Thanks to Maury Markowitz for asking about benchmarks and to archive.org for the archives of computing magazines.

Fascinating. Thanks for writing this up.

It was educational. Turns out that Color BASIC sets numeric variables to zero when they’re created (and I bet strings to “”), but BASIC09 is like C: unintialized variables have random de garbage.

BTW, there are results listed for BASIC compilers for the Ahl benchmark. A compiler worth its salt will notice ^2 can be turned into a simple multiply. This is the same issue that came up with Dhrystone 1, which didn’t bother to do something with the operations performed, so that an optimizing compiler could make most of the benchmark go away. There was a Dhrystone 2 that kept it from happening. I used to have a copy of a Motorola white paper taking Intel to task, I believe about citing Dhrystone 1 results for the 80386 in comparisons with the 68020.

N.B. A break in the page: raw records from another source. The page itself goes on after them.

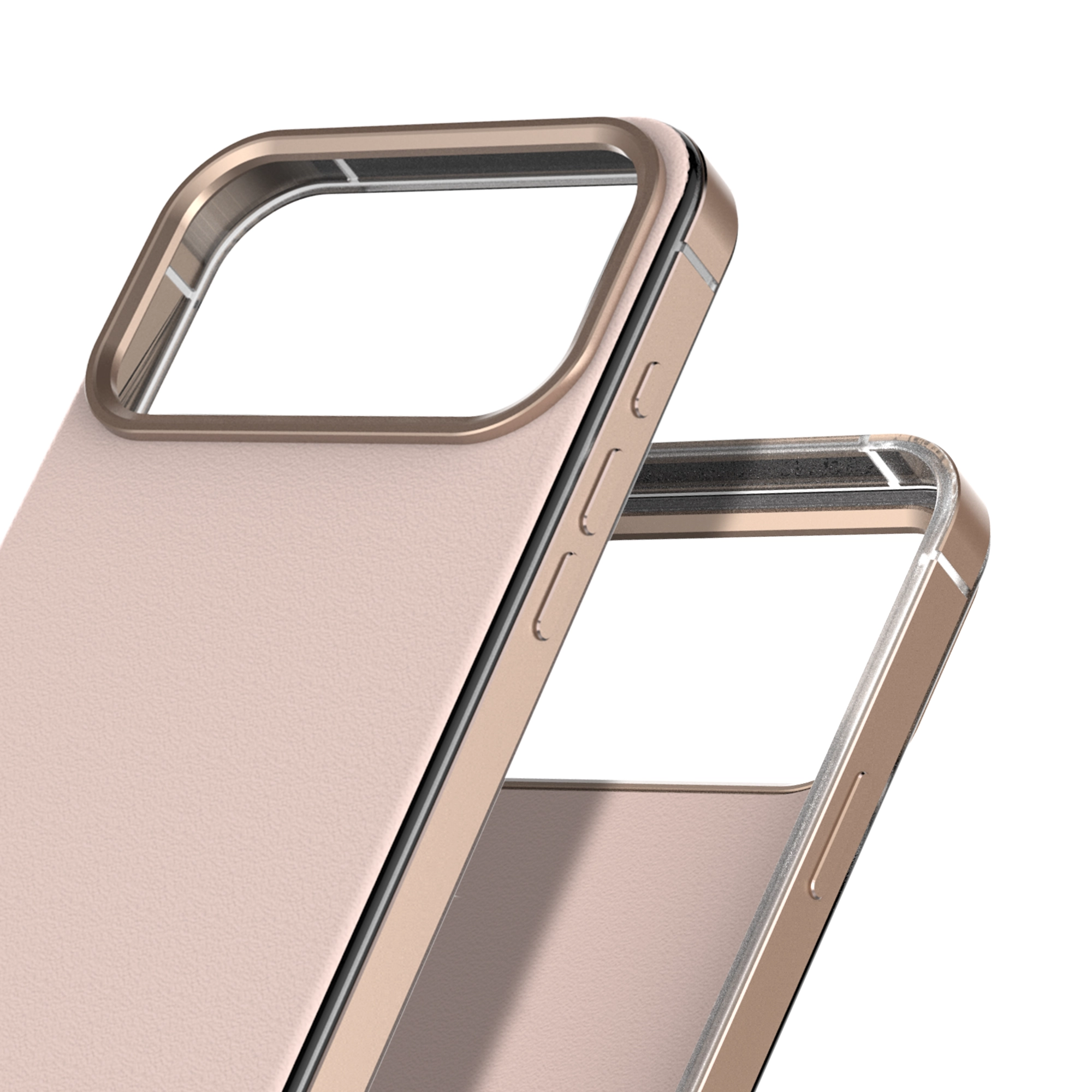 framed bumper, bezel, and buttons.
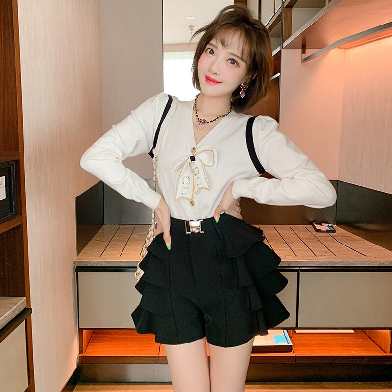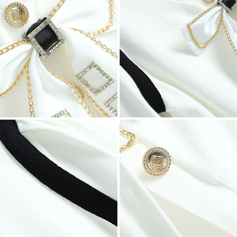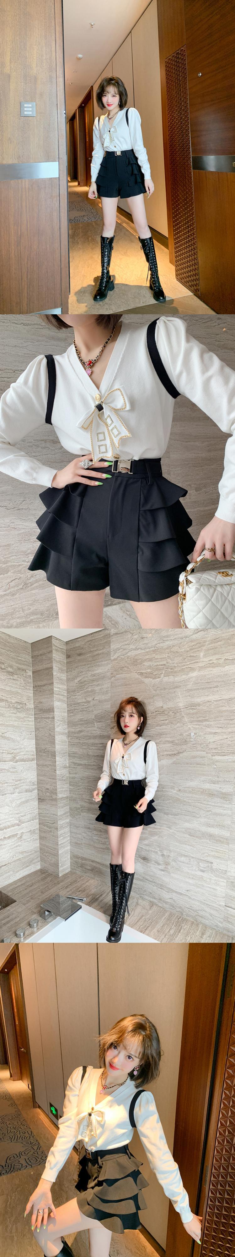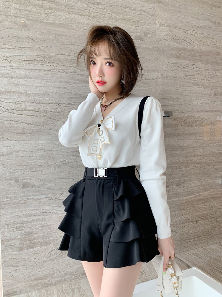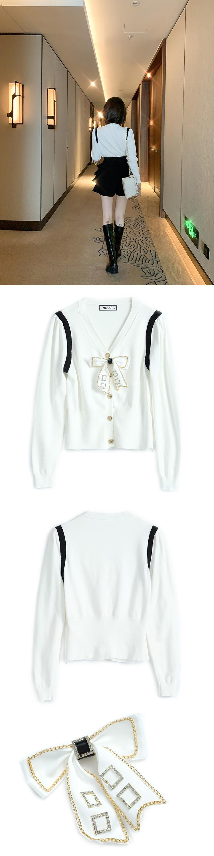 チェーン Vネックニットカーディガン リボン 大人ガーリー スウィート キュート カジュアル MIUCO40496544113
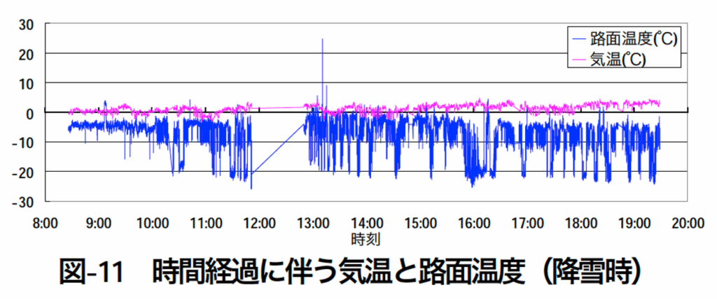 夜間気温が下がるのは分かると思うのですが、路面温度はどうでしょうか?下の図は東北地方で行われたある実験の結果です。少し読みづらいのですが、路面温度と気温の関係をグラフにとったものです。ピンクの線が気温で青い線が路面温度です。夜間に車を走らせながら測定したようですので、下に飛び出たノイズがかなり入っています。この青い線(路面温度)をじっくり見ると16時から17時辺りを境に路面温度は低下を始め、9-10時頃からまた上昇しているのが分かります。路温が低く出ている部分をノイズとすると、昼と夜とでは路面温度が5℃程度違います。つまり夜間の融雪は昼間よりも5℃余計に上げないと雪がとけないのです。つまり夜間は昼間に比べて燃料を消費してしまうということになります。夜間運転を少しでも減らすことができればロードヒーターの燃費も抑えられそうです。
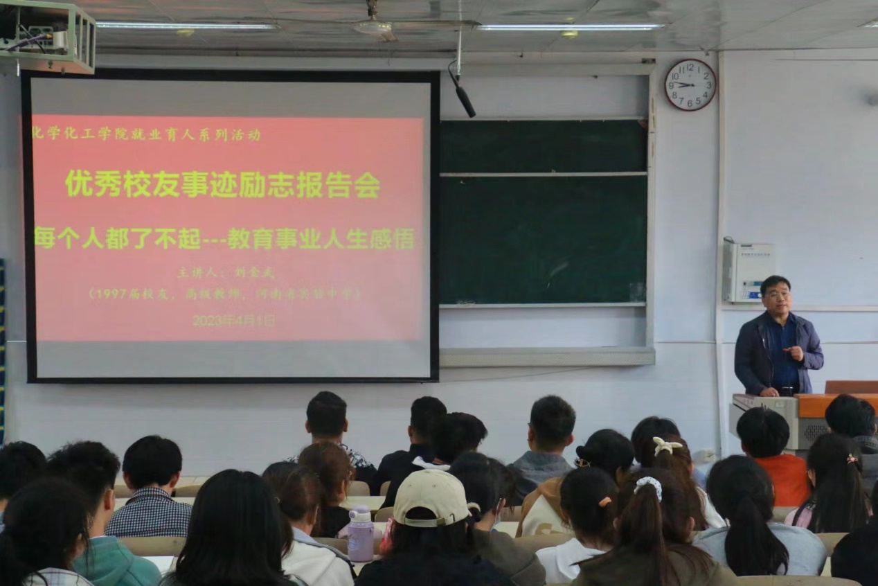 41日,太阳成城集团tyc234cc官网在教6-101多媒体教室举办“每个人都了不起---教育事业人生感悟”优秀员工事迹励志报告会。报告会邀请到太阳成城集团tyc234cc官网1997届优秀员工、河南省实验中学高级教师刘金武。报告会由化学化工公司党委书记郭鹏主持。2022级公费师范生、化学专业员工代表到会聆听并互动交流。
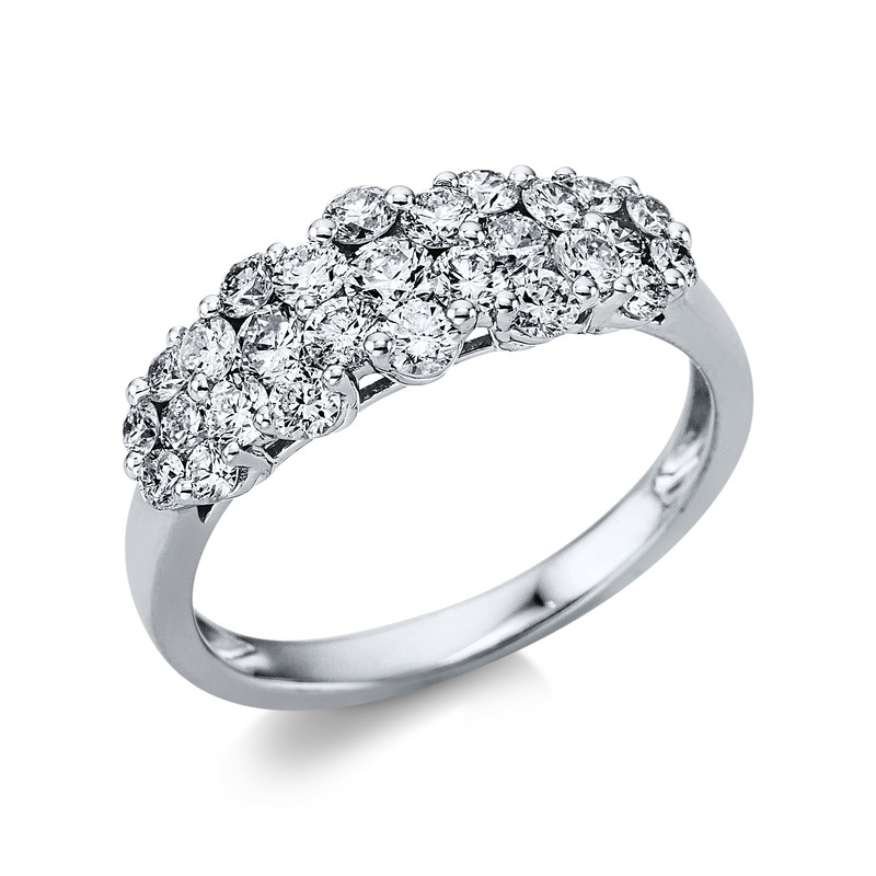 ring 18 kt WG, 24 diamonds 0,99 ct, G-si, 3 diamonds 0,26 ct, G-si, width:54
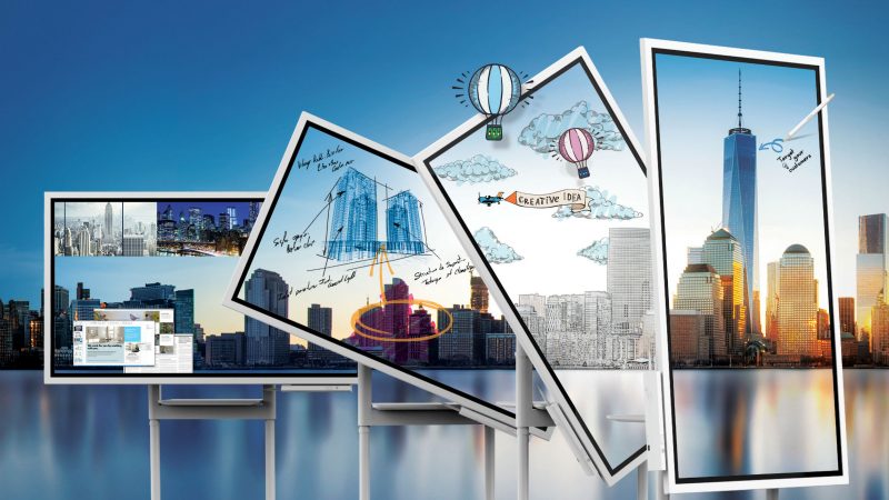Otra forma de interactuar con este papelógrafo digital es conectando otros dispositivos. La función integrada de compartir pantalla permite a los usuarios  transmitir contenido desde sus dispositivos personales a la pantalla (PCs, tablets, dispositivos móviles), introduciendo ideas frescas a la discusión sin interrupción o reducción de calidad visual.
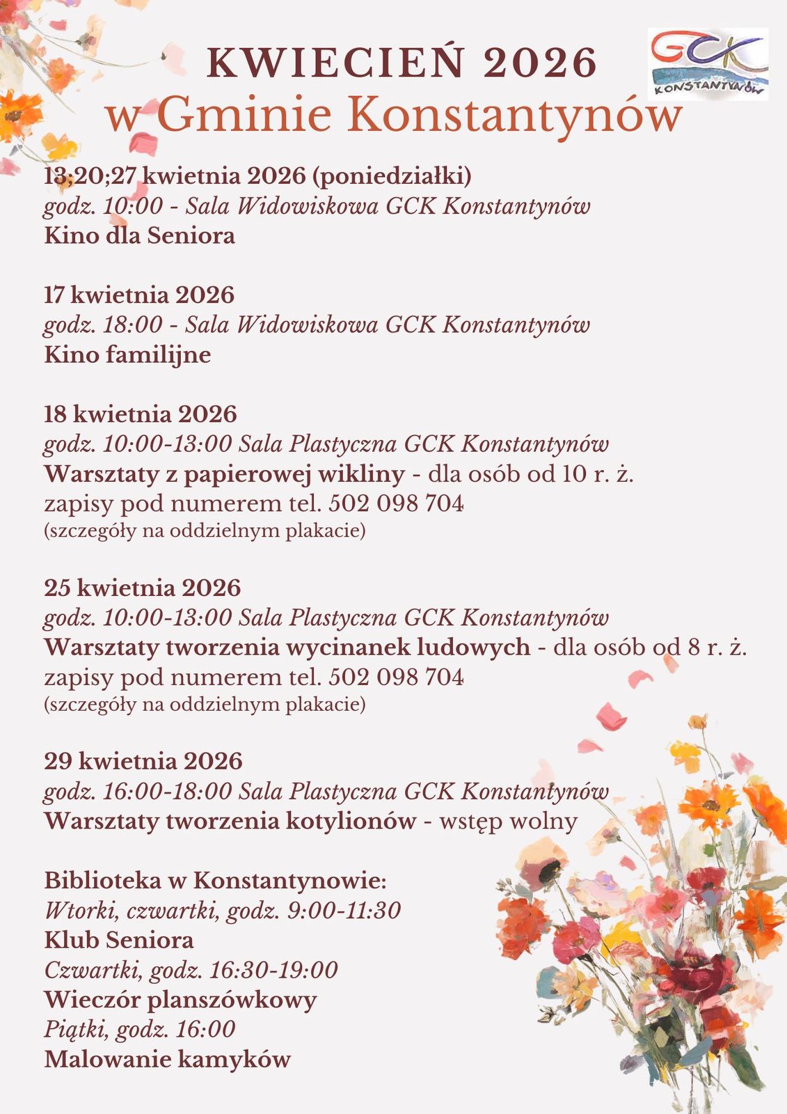 Gminne Centrum Kultury w Konstantynowie przygotowało na kwiecień różnorodny program wydarzeń skierowanych do mieszkańców w każdym wieku. Wśród propozycji znalazły się seanse filmowe, warsztaty artystyczne oraz stałe zajęcia organizowane w bibliotece.
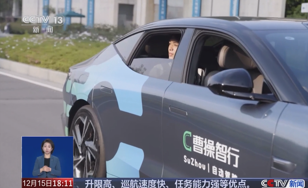 12月15日,曹操出行Robotaxi作为自动驾驶产业化运营的成果案例,登上央视新闻节目。
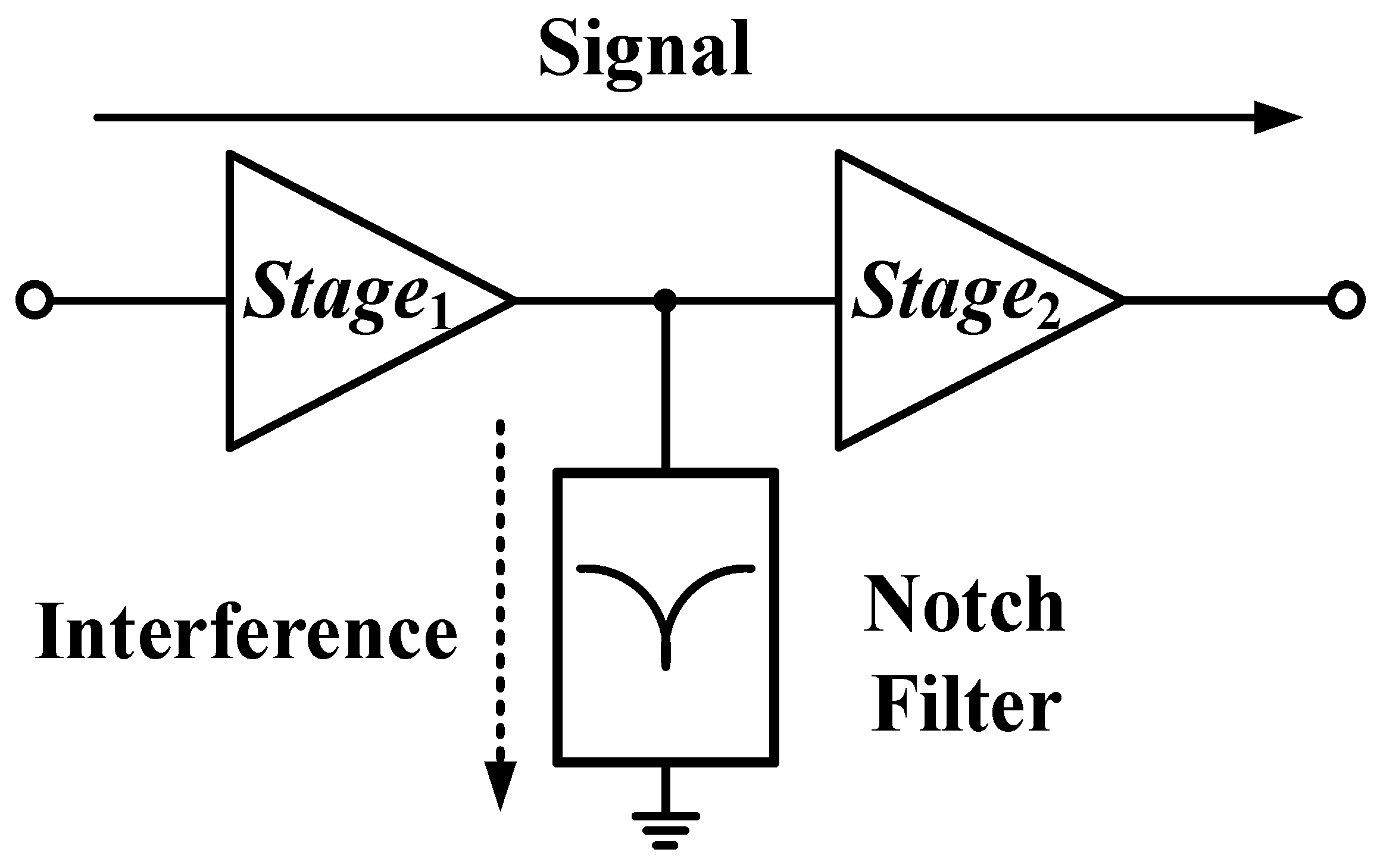 - Lin, J.-Y.; Chiou, H.-K. Power-constrained third-order active notch filter applied in IR-LNA for UWB standards. IEEE Trans. Circuits Syst. II Exp. Briefs 2011, 58, 11–15. [Google Scholar] [CrossRef]

For completeness’s sake, I removed the timing info from sieve itself and wrote a wrapper that saved DATE$, ran sieve ten times, and then printed the saved DATE$ value and the current DATE$ value–that cuts the variation in possible time results and puts it on an even playing field with the other versions that do ten iterations. The result: ten iterations took between 114 and 115 seconds, though the range has to be two seconds (in the best case, the starting time is just before the second after what’s shown and the ending time is barely past what’s show, and the worst case is the other way around). In any case, it means one iteration is between 11.4 and 11.6 seconds, considerably better than what one iteration indicated.